§ **Exercise details**: Nothing in the data should change when you return it, but leave the pictures out.

Records excerpted from a collection:
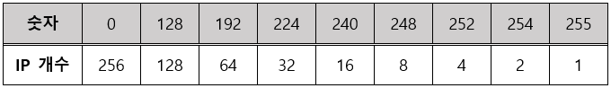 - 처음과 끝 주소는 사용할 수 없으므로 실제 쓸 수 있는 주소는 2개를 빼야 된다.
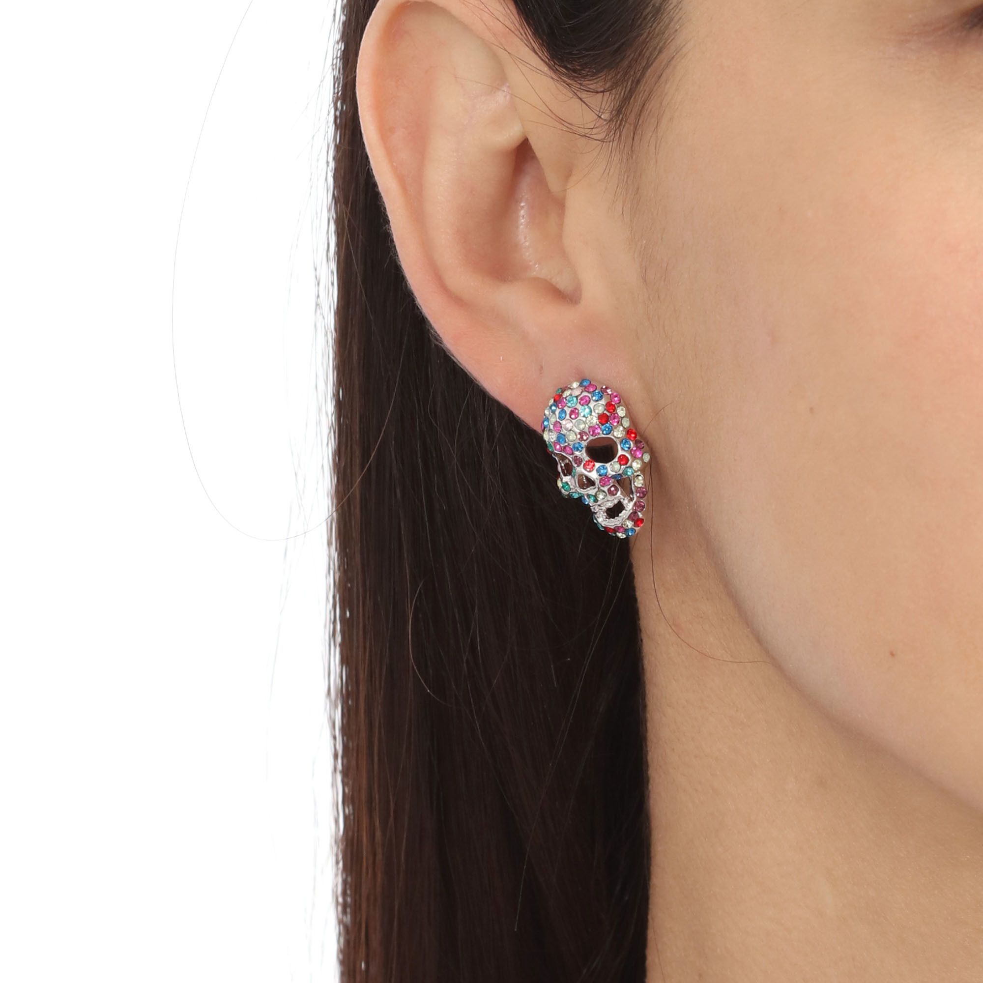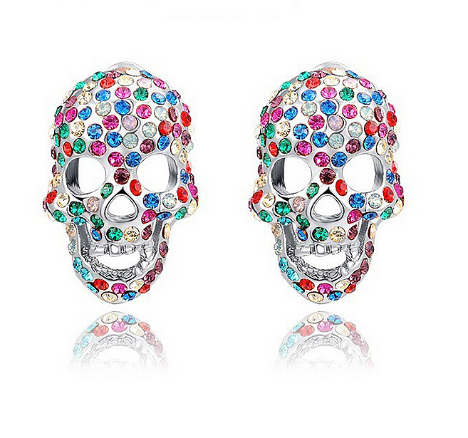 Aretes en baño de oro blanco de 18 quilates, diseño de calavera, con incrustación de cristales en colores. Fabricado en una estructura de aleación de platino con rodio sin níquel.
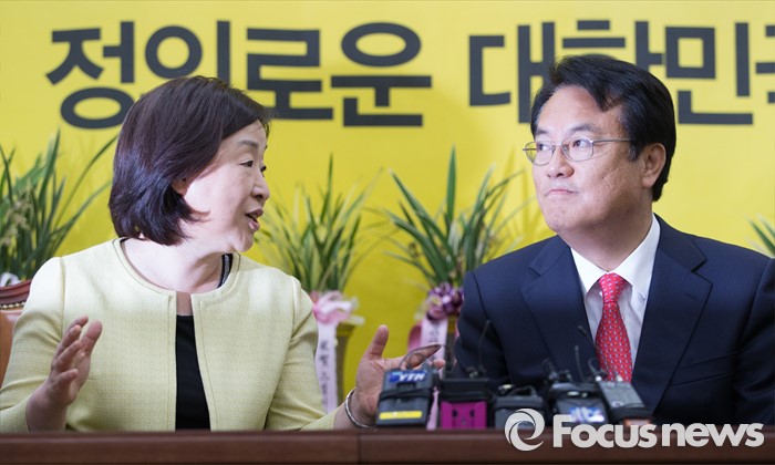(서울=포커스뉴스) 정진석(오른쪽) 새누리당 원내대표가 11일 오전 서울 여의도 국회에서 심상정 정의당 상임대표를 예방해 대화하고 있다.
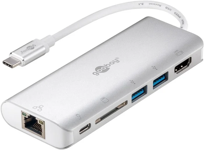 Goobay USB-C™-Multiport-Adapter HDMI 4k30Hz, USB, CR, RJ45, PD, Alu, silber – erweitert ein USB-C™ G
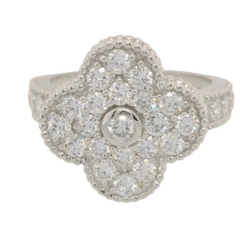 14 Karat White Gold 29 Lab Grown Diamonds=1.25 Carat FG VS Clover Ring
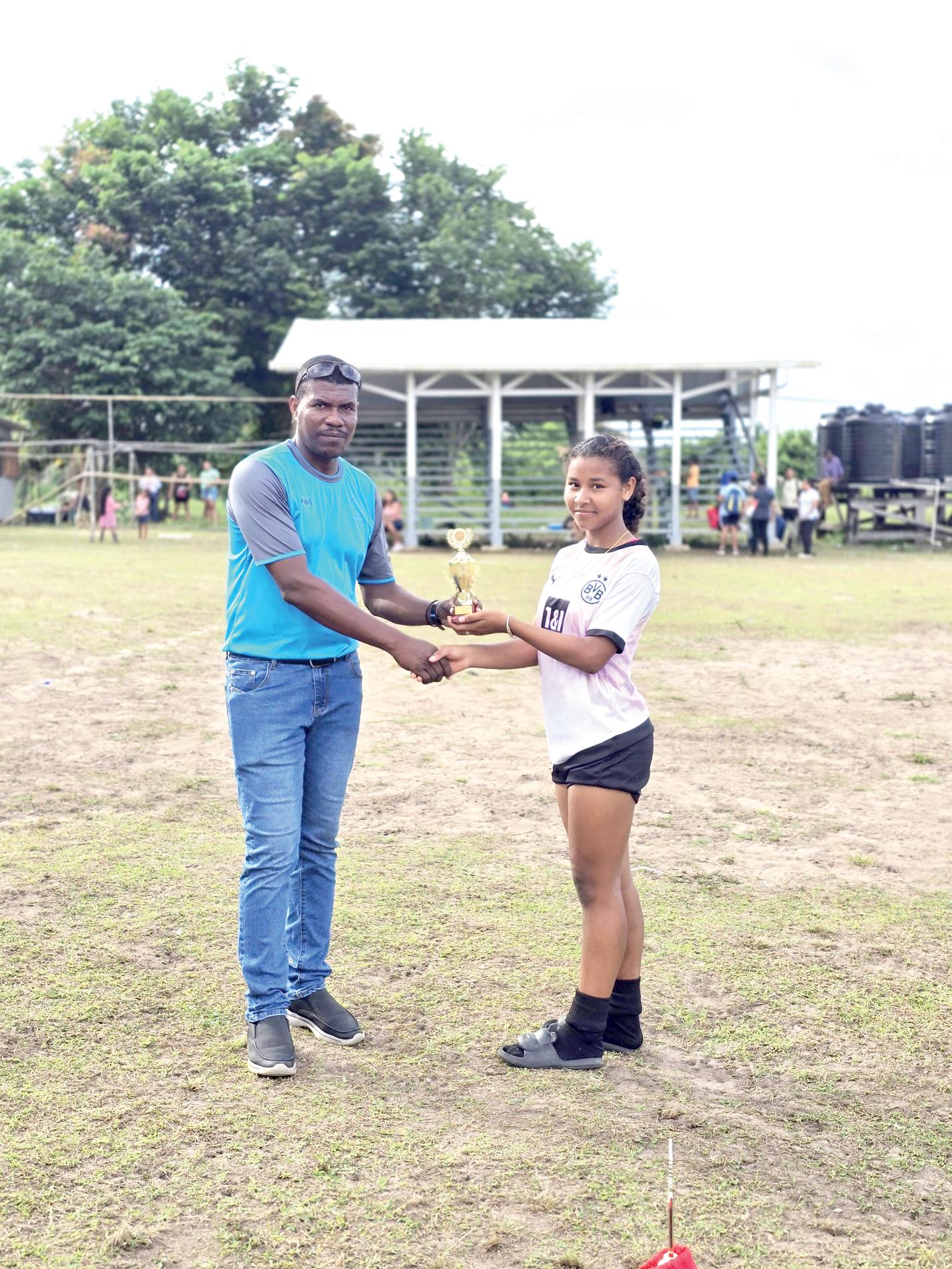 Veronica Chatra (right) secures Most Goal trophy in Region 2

§ **Completed exercise**:
 - 처음과 끝 주소는 사용할 수 없으므로 실제 쓸 수 있는 주소는 2개를 빼야 된다.
 Aretes en baño de oro blanco de 18 quilates, diseño de calavera, con incrustación de cristales en colores. Fabricado en una estructura de aleación de platino con rodio sin níquel.
(서울=포커스뉴스) 정진석(오른쪽) 새누리당 원내대표가 11일 오전 서울 여의도 국회에서 심상정 정의당 상임대표를 예방해 대화하고 있다.
 Goobay USB-C™-Multiport-Adapter HDMI 4k30Hz, USB, CR, RJ45, PD, Alu, silber – erweitert ein USB-C™ G
 14 Karat White Gold 29 Lab Grown Diamonds=1.25 Carat FG VS Clover Ring
 Veronica Chatra (right) secures Most Goal trophy in Region 2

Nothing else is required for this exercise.